Мы направились к экипажу, ждавшему нас на дороге, и я представил своей спутнице нового своего знакомого. После обычных поклонов между ними начался разговор на чистейшем саксонском диалекте[41].
И хотя я ни слова не понимал из того, что говорилось, по стремительности вопросов и пространности ответов было видно, что беседа завязалась весьма интересная.

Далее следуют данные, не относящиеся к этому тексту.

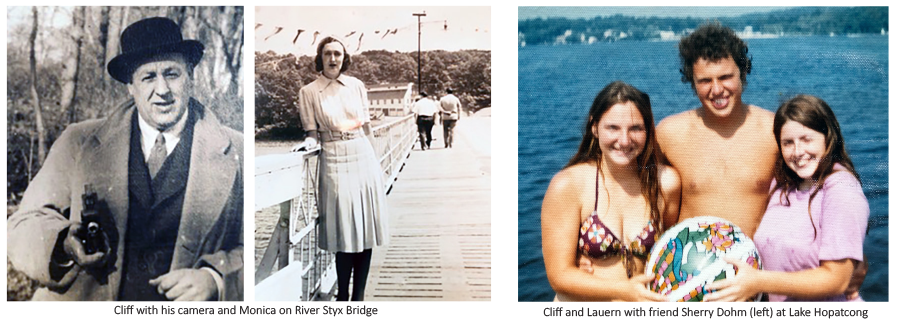 On July 16, 1934, Monica Schloesser, from Brooklyn, came by train to visit the lake with a friend for a girls’ weekend. The two found themselves at The Mad House, purported to be the wildest place on the lake. There, she met Cliff. He offered to take her photo out on the dock. A press photographer at that time, he hoped he could get the photo published in an NYC newspaper (at least, it was a clever line)!
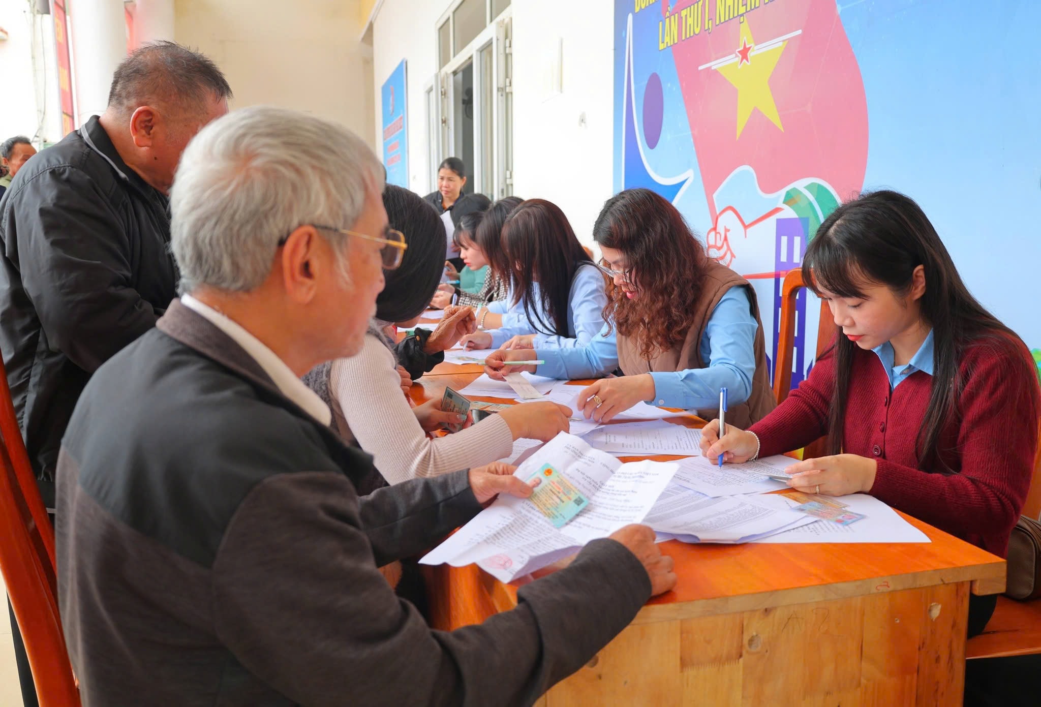 Cán bộ BHXH tỉnh Quảng Trị hướng dẫn người dân đăng ký nhận lương hưu, trợ cấp BHXH qua tài khoản cá nhân. Ảnh: Huy Hương
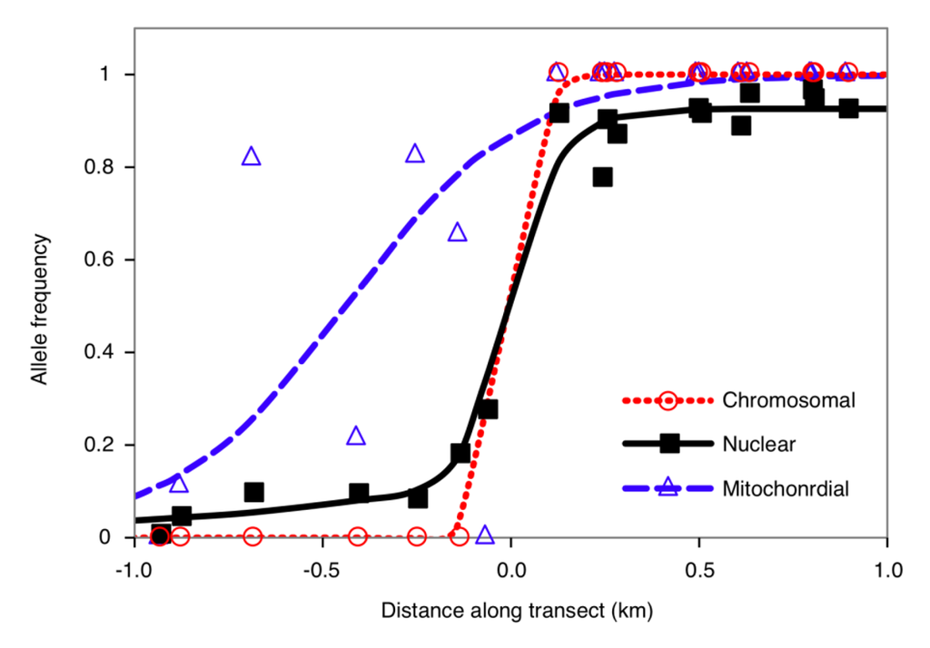 Discordance between chromosomal variation and genetic variation is more pronounced in the mitochondrial genome than the nuclear genome. AMOVA revealed that only 15% of total genetic variation in the COI locus was explained by chromosomal variation [31]. Haplotype network analyses based on the statistical parsimony method (TCS, [37]) showed extensive sharing of haplotypes among multiple chromosomal taxa, while also showing the existence of multiple genetically distinct groups within taxa. Similar to the loci in the nuclear genome, both incomplete lineage sorting and gene introgression can be sources of the discordance between chromosomal and mitochondrial markers. However, hybrid zone analyses suggest weaker barriers to gene flow in the mitochondrial genome than the nuclear genome (see the next section), implying a substantial contribution of gene introgression in the formation of population genetic structure associated with the mitochondrial genome [29].

Наконец, примерно через полчаса я, желая знать, до чего дошли собеседники, бросил:
– Ну и что?
– Тебе везет, – ответила моя переводчица, – ты попал в самую точку.
– Этот господин знал Занда?
– Этот господин – Г., директор тюрьмы, в которой был заключен Занд.
– Да что ты!
– Он виделся с Зандом ежедневно в течение девяти месяцев, то есть с того самого момента, как его перевели из госпиталя.
– Превосходно!
– Но это еще не все: этот господин был с ним в коляске, которая везла его на казнь, и даже поднялся с ним на эшафот. В целом Мангейме имеется единственный портрет Занда, и именно у него в доме.
Я с восторгом впивал каждое слово: алхимик мысли, я открыл тигель и обнаружил в нем золото.
– Спроси у него, – живо попросил я, – не будет ли он против, если мы запишем то, что он нам расскажет.
Переводчица задала ему этот вопрос и сообщила мне:
– Он согласен.
Г-н Г. сел к нам в коляску, и, вместо того чтобы отправиться в Гейдельберг, мы возвратились в Мангейм и вышли у тюрьмы.
Г-н. Г. был сама любезность. С величайшей предупредительностью, с бесконечным терпением он вспоминал всевозможные подробности, став для меня чем-то наподобие чичероне, а когда он исчерпал все воспоминания о Занде, я спросил, как происходила казнь.
– Если желаете, – сказал он, – могу вам дать рекомендацию к человеку, живущему в Гейдельберге, который сообщит вам на этот счет самые полные сведения.
Я с благодарностью согласился, и при прощании г-н Г. вручил мне письмо. Адрес был следующий:
Я поинтересовался:
– Это случайно не родственник палача, который казнил Занда?
– Его сын, и он был рядом с ним, когда упала голова Занда.
– А каков род его занятий?
– Тот же, что у отца, он унаследовал его должность.
– Но вы же называете его доктором?
– Естественно, у нас палач имеет это звание.
– И чего же он доктор?
– Доктор хирургии.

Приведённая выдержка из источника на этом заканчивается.